WHAT THE EXERCISE ASKS: Your task is to print, exactly and only, the lines from the start of the entries below through the line with "PEDIDO DE PROVIDÊNCIAS Nº 095/2022". Include both ends, but skip the pictures.

[Records drawn from a dataset]
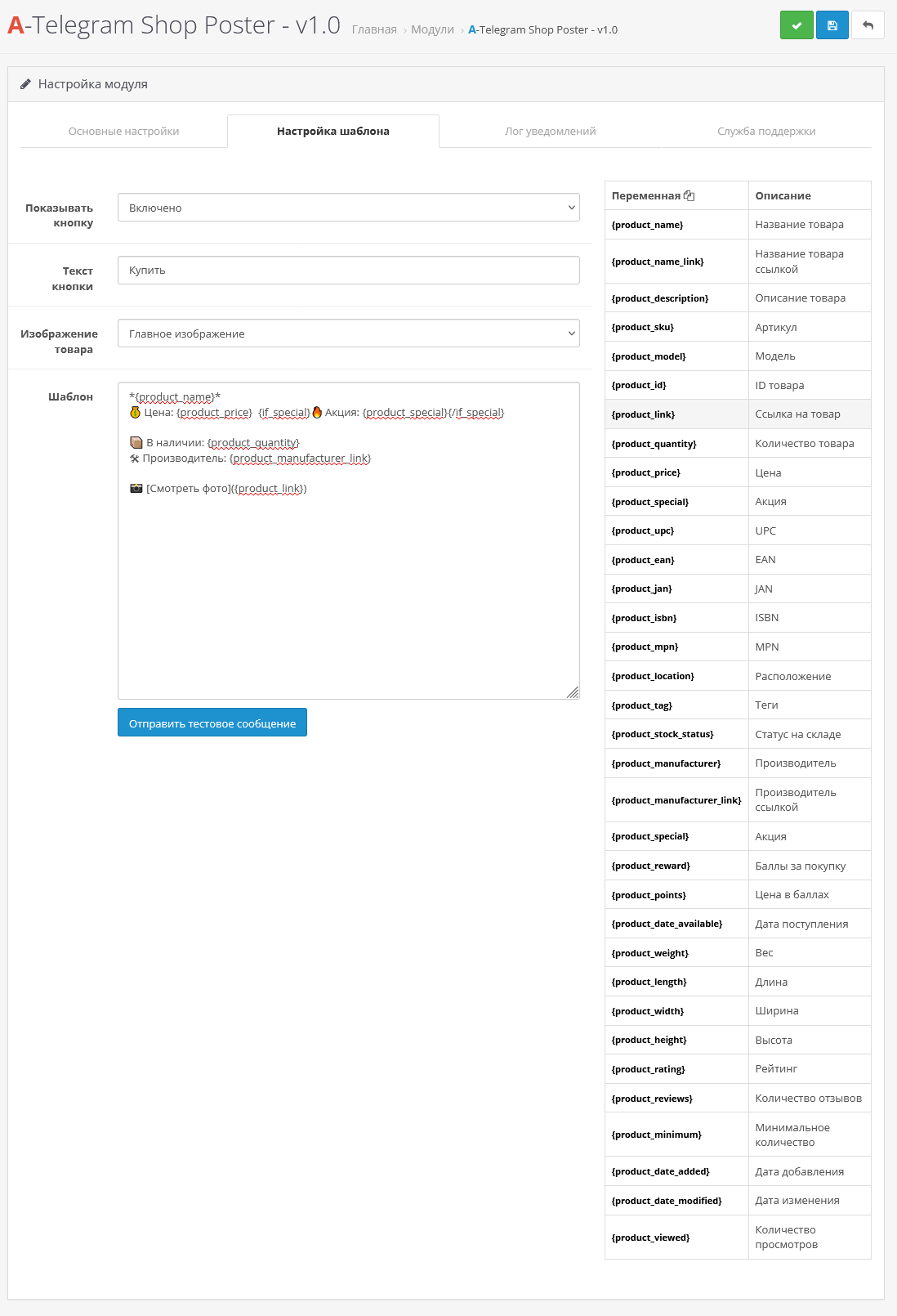- Настраиваемый шаблон сообщения: можно создать собственный текст с поддержкой переменных {product_name}, {product_price}, {product_special}, {product_quantity}, {product_manufacturer}, {product_description}, {product_name_link} и других базовых полей товара.
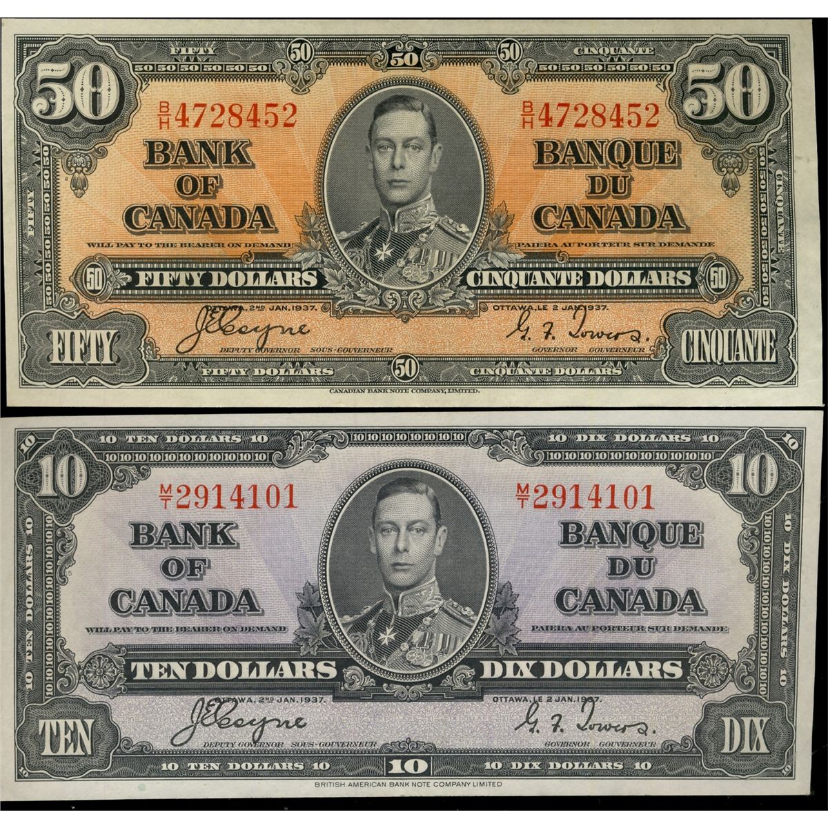 1937 $10 BC-24c #MT2914101 & $50 BC-29c #BH4728452. Lot of 2 notes EF to AU+.
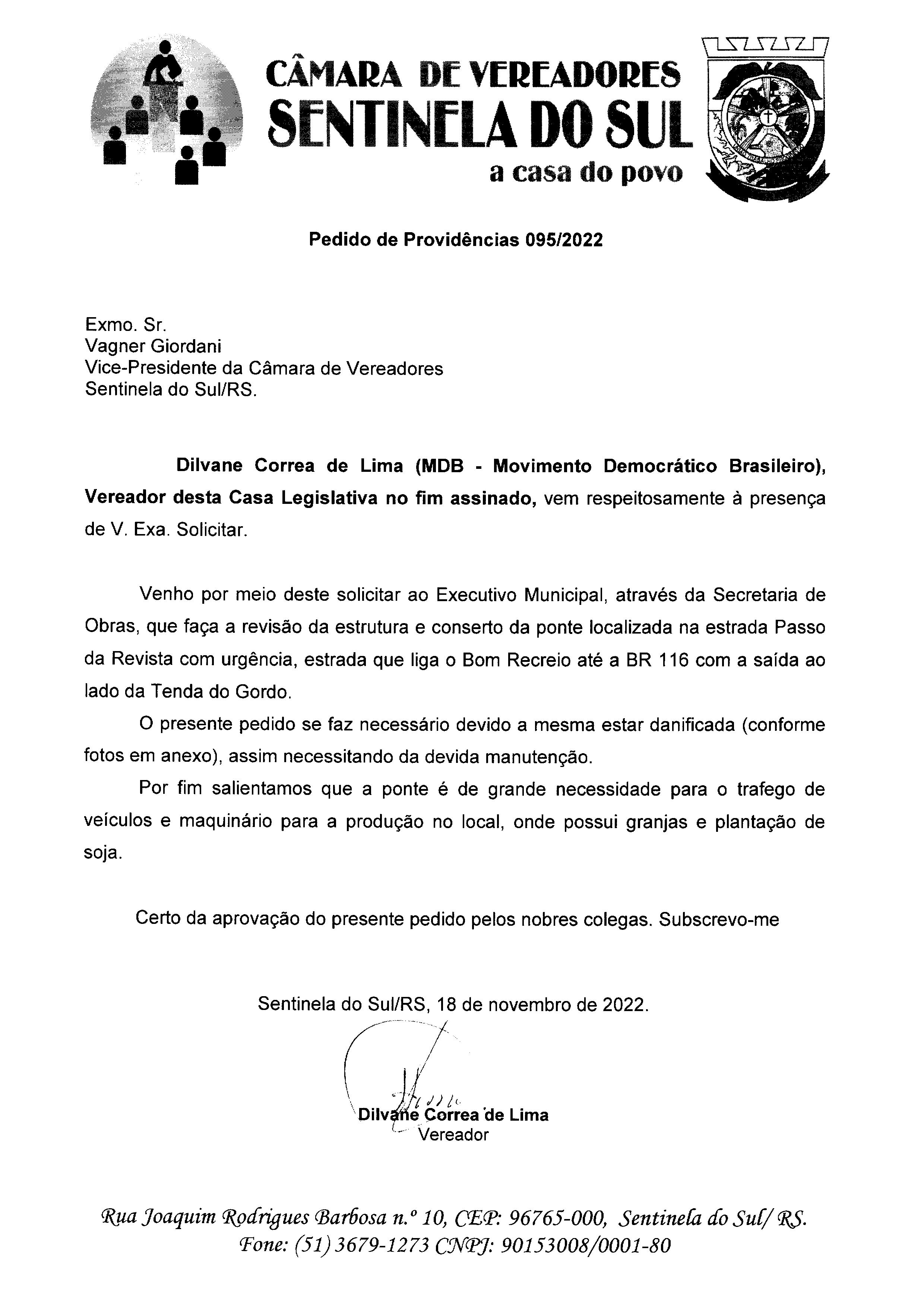 PEDIDO DE PROVIDÊNCIAS Nº 095/2022
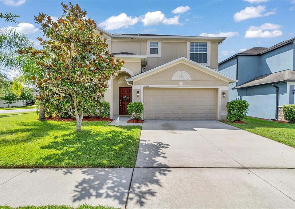 Welcome to your next home in the highly sought-after community of Concord Station! This beautiful two-story home features 4 spacious bedrooms, 2.5 bathrooms, and a 2-car garage, offering both comfort and style. Located on a large corner lot, this home provides an ideal setting for Florida living. The first floor features luxury vinyl flooring throughout, creating a sleek and modern look that's easy to maintain. The home is filled with natural light and features a kitchen with 42” cabinets, granite countertops, and island, a walk-in pantry, and stainless-steel appliances. Upstairs, you'll find four generously sized bedrooms, including the primary suite, which is a true retreat. The primary suite offers a spacious walk-in closet and an ensuite bathroom equipped with a double vanity and dual sinks, relaxing garden tub, a separate shower, and a private water closet. One of the bedrooms is versatile that can be easily used as a flex room, media room, or game room, offering flexibility to suit your needs. The laundry room also located on the second floor. The spacious backyard is perfect for outdoor living and entertaining, with a covered, paved patio and extended pavers, creating an inviting space to relax and enjoy the outdoors. Concord Station also offers an array of top-notch amenities for residents, including a well-equipped clubhouse with a fitness center, resort-style pool with splash pad, fenced in playground, tennis and basketball courts, picnic areas, and more. Not only does this home have everything you need, but its location is unbeatable. You're just minutes away from shopping, dining, top-rated schools, and all major highways, making your commute to Tampa and the surrounding areas effortless. This home truly combines the best of comfort, style, and location—don't miss the chance to make it yours!
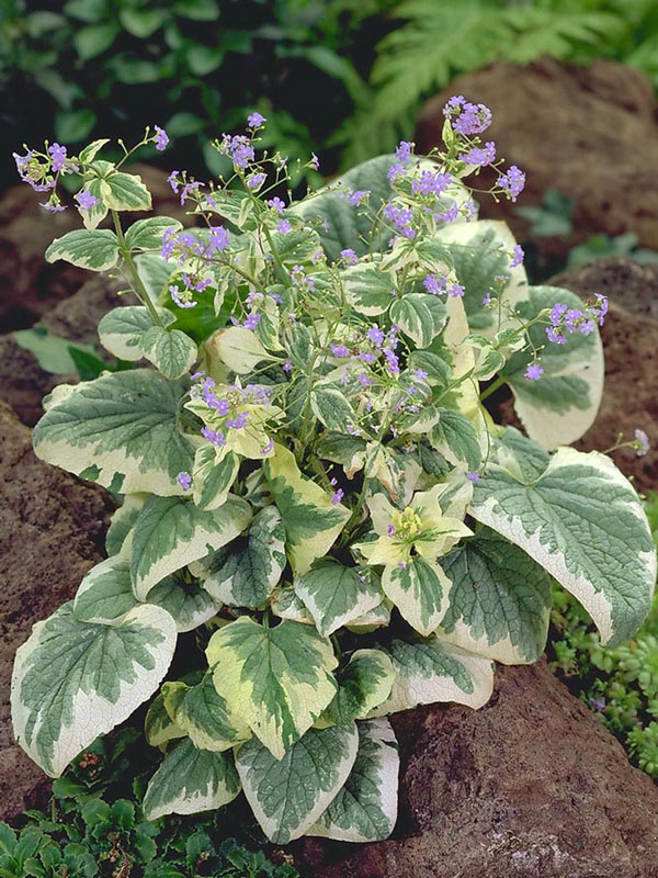 ムラサキBrunnera macro ‘Variegata’ 草丈30cm、くっきりとした覆輪斑でライラック色の繊細な花を咲かせる。
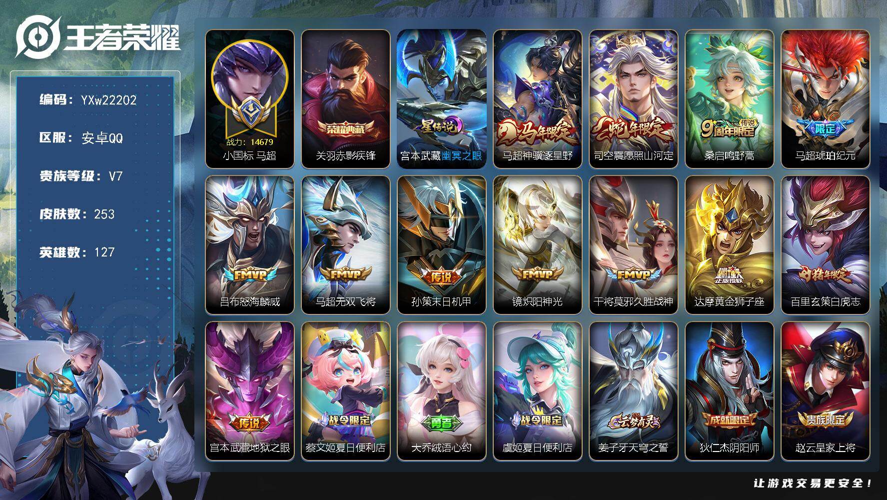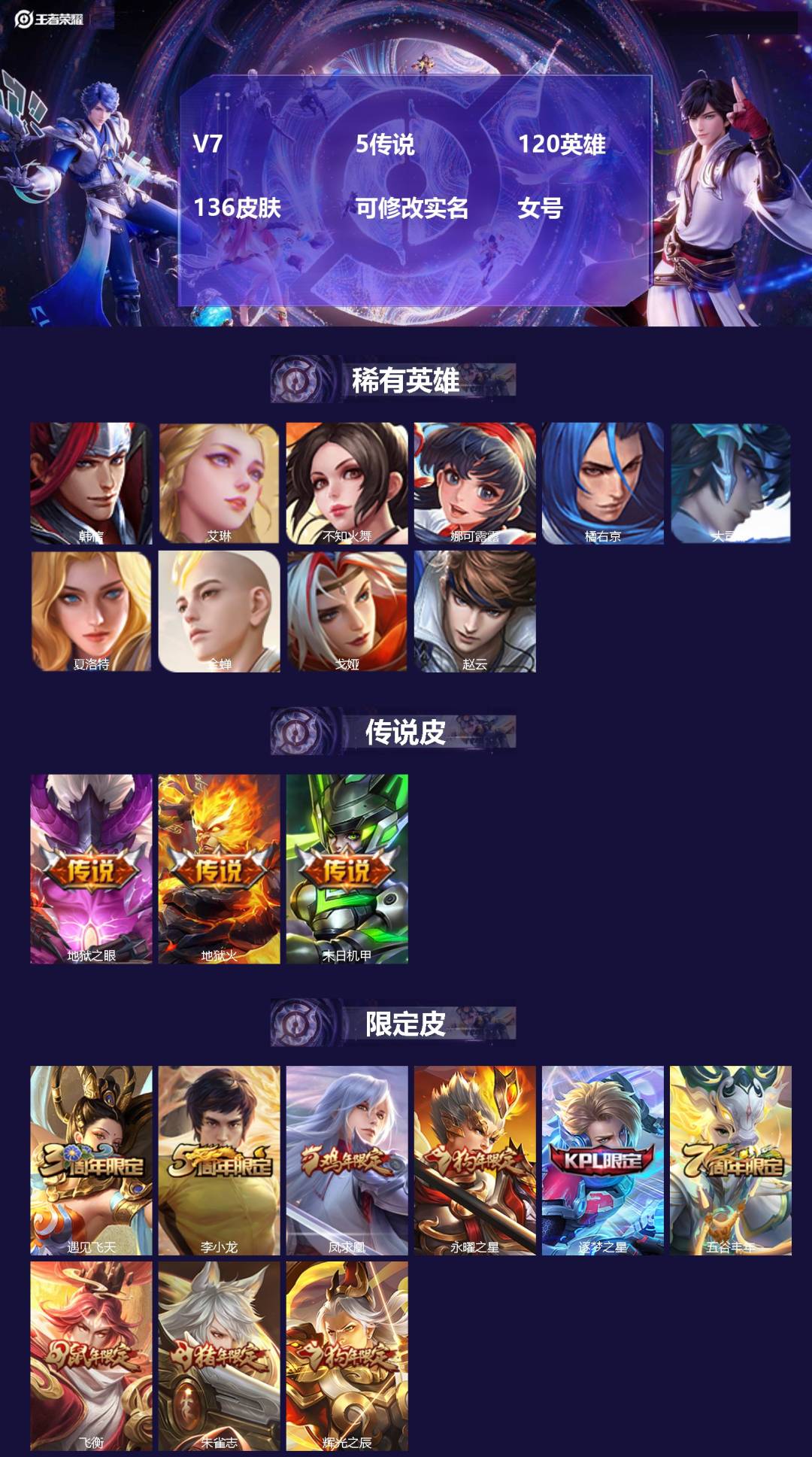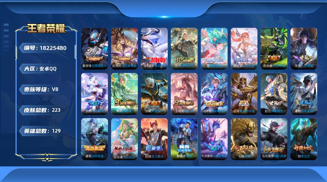 苹果Q-V7-至尊星耀IV段位-128英雄-286皮肤-1典藏皮肤-4无双-1
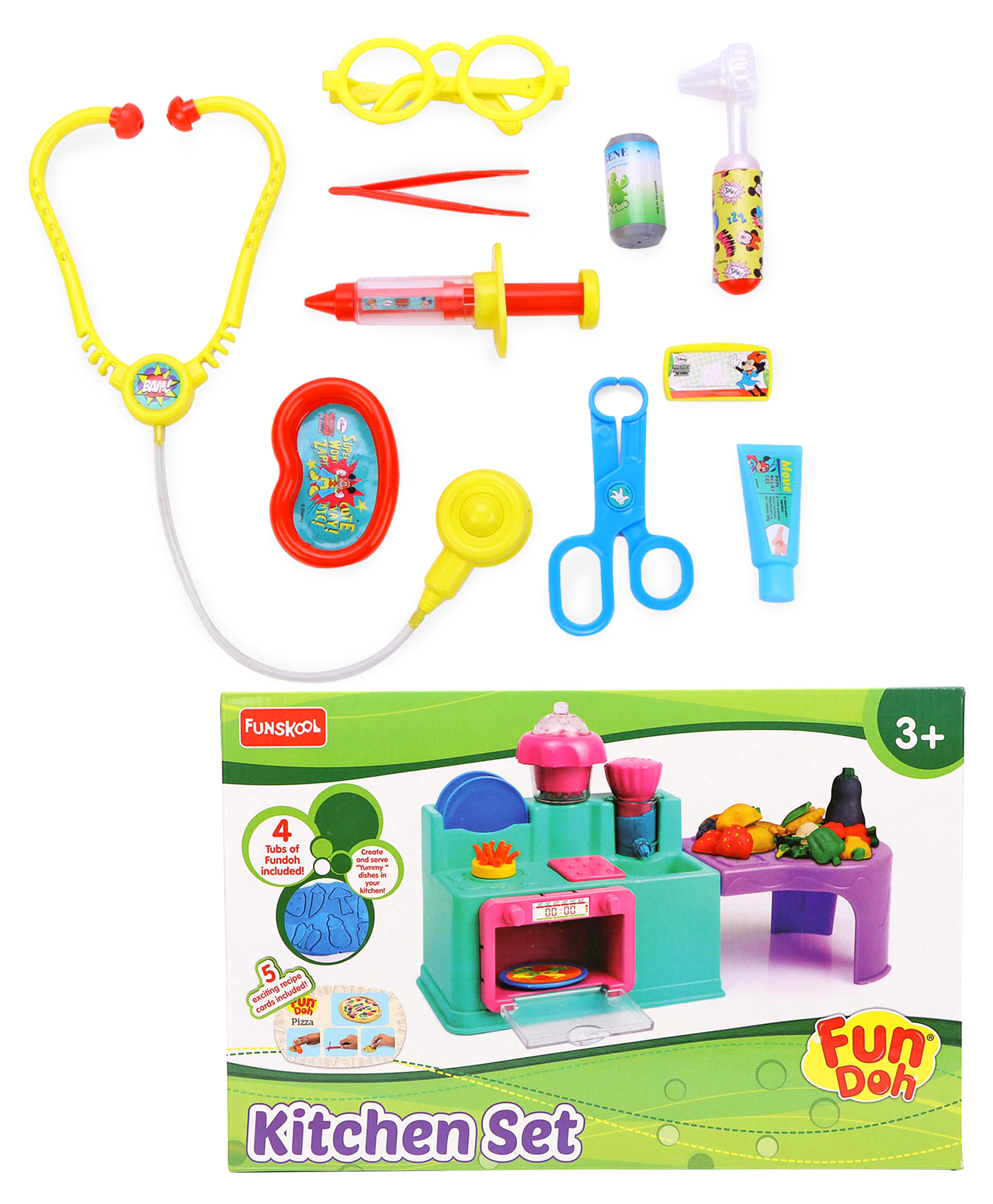 Fun Dough Kitchen Playset - Multi Color & Disney Mickey Mouse Doctor Set Multi Color - 10 Pieces
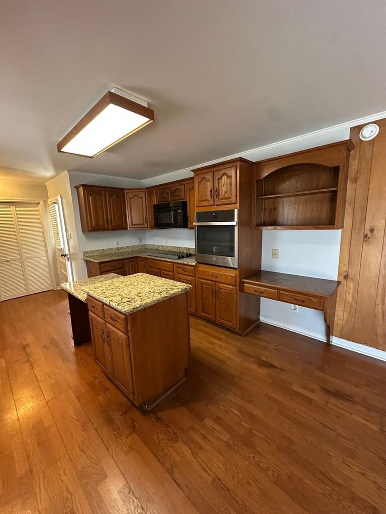 3-bedroom, 2-bath home with fireplace and built-ins in living room. Open kitchen/dining area with granite countertops and appliances included (refrigerator, oven, dishwasher, electric cooktop). Large fenced backyard with wood deck plus 1-car carport. Great space inside and out!
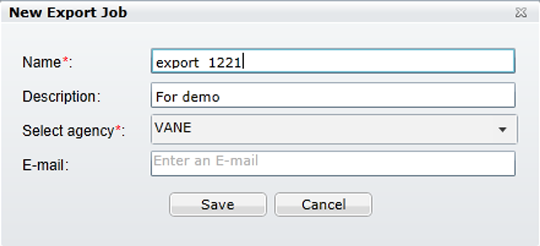 Select Agency The source agency used to create the export job. The default agency name that displays in this field is the current agency. If you have multiple agencies and you log in using the parent agency, then all the child agencies display in this drop-down list.

ANSWER BOX:
- Настраиваемый шаблон сообщения: можно создать собственный текст с поддержкой переменных {product_name}, {product_price}, {product_special}, {product_quantity}, {product_manufacturer}, {product_description}, {product_name_link} и других базовых полей товара.
 1937 $10 BC-24c #MT2914101 & $50 BC-29c #BH4728452. Lot of 2 notes EF to AU+.
 PEDIDO DE PROVIDÊNCIAS Nº 095/2022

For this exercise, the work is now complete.